There exist fundamental, and universal natural laws as well as those natural laws which regard the status of the individual and treat people in different positions as appropriate according to their status.

Going back to the example in Mrs. Carpenter’s article, it is unquestioned that under the rubric of natural law there exists an universal right of self-defense, however it does not follow from the right of self-defense that the 2nd Amendment right to keep and bear arms is necessarily also universal.

It was recognized that even a slave has a natural right to defend his person if attacked, and if he should kill his attacker he is not guilty of murder.  It does not follow that slaves in a society where such was legal would be expected to be armed, or expected to be permitted to be armed.

Interestingly, in the frontier days of what was then Virginia, now West Virginia, I have read histories where slaves were commonly armed and fought alongside their owners against the hostilities of marauding Indians.  But, in later days and in more settled regions it was often illegal to arm slaves lest such armaments lend themselves to revolt.

Clearly such laws are not universal, as it would not follow that it is beneficial to society in all circumstances to either arm nor disarm such persons.  Applying such reasoning to an illegal alien, being already a criminal as well as being foreign, to arm such illegal aliens, or even to permit them to arm, would be as much as inviting a foreign army to take up residence within the state’s borders.  One has visions of Goth and Visigoth uprisings within the Roman empire leading to its imminent destruction.

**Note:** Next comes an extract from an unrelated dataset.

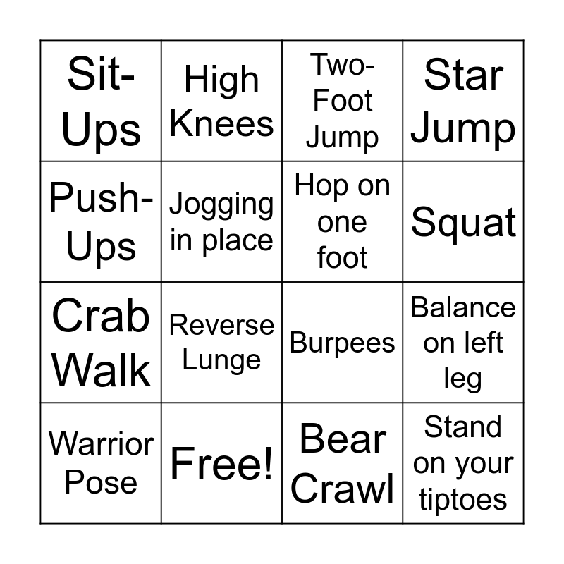 This bingo card has 24 words: Squat Jump, Lunge, Squat, Jumping Jacks, Push-Ups, Sit-Ups, Jogging in place, High Knees, Free!, Toe Taps, Crab Walk, Burpees, Balance on right leg, Plank, Hop on one foot, Skip, Bear Crawl, Two-Foot Jump, Reverse Lunge, Balance on left leg, Warrior Pose, Stand on your tiptoes, Star Jump and Side Shuffle.

With regards to legal aliens, there exists no such motivation for revolt, and no particular natural reason to either allow or prohibit their possession and ownership of arms.  A legal alien, much like a civil invitee, carries no innate reason to suspect hostility to the host nation, in fact, one would reasonably expect them to be more than kindly disposed to their host nation.

One further Constitutional consideration regarding the application of “rights” in the Constitution and the concept of the Founding Fathers regarding the recognition of Natural Rights by status as opposed to Universal Natural Rights.

The Founding Fathers’ clearly delineated this if one actually pays attention to their words.  “We the People of the United States, in Order to form a more perfect Union . . . .”  The citizenry is repeatedly designated as “the people” as opposed to the state; one has to pay special attention when the words “the people” make their appearance.

The “right of the people” appears in amendments I, II, & IV, but not in III, V, VI, VII, or VIII, but does not even apply to all of amendment I.  Those designated “right of the people” denotes rights of citizenship, but where the “right of the people” is not put into the language those rights are clearly meant to apply universally to all persons.

If you read the two remaining amendments of the Bill of Rights, amendments IX and X, this distinction is crystal clear: “The enumeration in the Constitution, of certain rights, shall not be construed to deny or disparage others retained by the people.” and “The powers not delegated to the United States by the Constitution, nor prohibited by it to the States, are reserved to the States respectively, or to the people.”

 

(PS:  I would like to apologize to my faithful readers for my unscheduled illness last week.  I shall endeavor to avoid such human failings in the future.)